= Carrier-Suppressed Return-to-Zero =

Optical line code

Carrier-Suppressed Return-to-Zero (CSRZ) is an optical line code.

==Overview==
In CSRZ the field intensity drops to zero between consecutive bits (RZ), and the field phase alternates by π radians between neighbouring bits, so that if the phase of the signal is e.g. 0 in even bits (bit number 2n), the phase in odd bit slots (bit number 2n+1) will be π, the phase alternation amplitude. In its standard form CSRZ is generated by a single Mach–Zehnder modulator (MZM), driven by two sinusoidal waves at half the bit rate B_{R}, and in phase opposition. This gives rise to characteristically broad pulses (duty cycle 67%).

The signal format Alternate-Phase Return-to-Zero (APRZ) can be viewed as a generalisation of CSRZ in which the phase alternation can take up any value ΔΦ (and not necessarily only π) and the duty cycle is also a free parameter.

CSRZ can be used to generate specific optical modulation formats, e.g. CSRZ-OOK, in which data is coded on the intensity of the signal using a binary scheme (light on=1, light off=0), or CSRZ-DPSK, in which data is coded on the differential phase of the signal, etc.
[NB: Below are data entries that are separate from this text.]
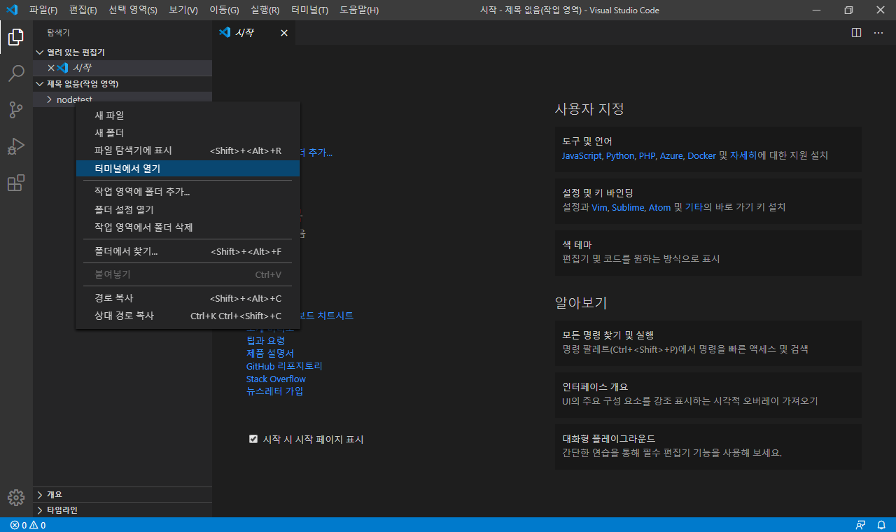 [파일] - [작업영역에 폴더 추가] 한 후 터미널로 해당 작업폴더에 접근한다.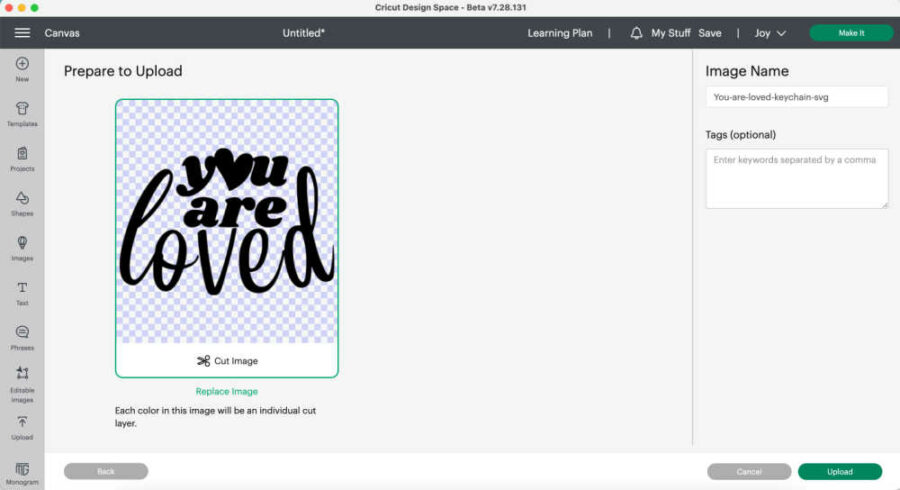 Because this is an SVG file, your only option will be to create a cut file. On the top right, name the file and then press upload on the bottom right. This will add the SVG to your Design Space account.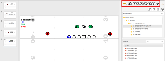 - Insert an existing play drawing from your play library directly onto a slide as an editable drawing—outside of the template structure—so you can modify as needed.

CSRZ is often used to designate APRZ-OOK.

The characteristic properties of an CSRZ signal are those to have a spectrum similar to that of an RZ signal, except that frequency peaks (still at a spacing of B_{R}) are shifted by B_{R}/2 with respect to RZ, so that no peak is present at the carrier and power is ideally zero at the carrier frequency (hence the name).

Compared to standard RZ-OOK, the CSRZ-OOK is considered to be more tolerant to filtering and chromatic dispersion, thanks to its narrower spectrum.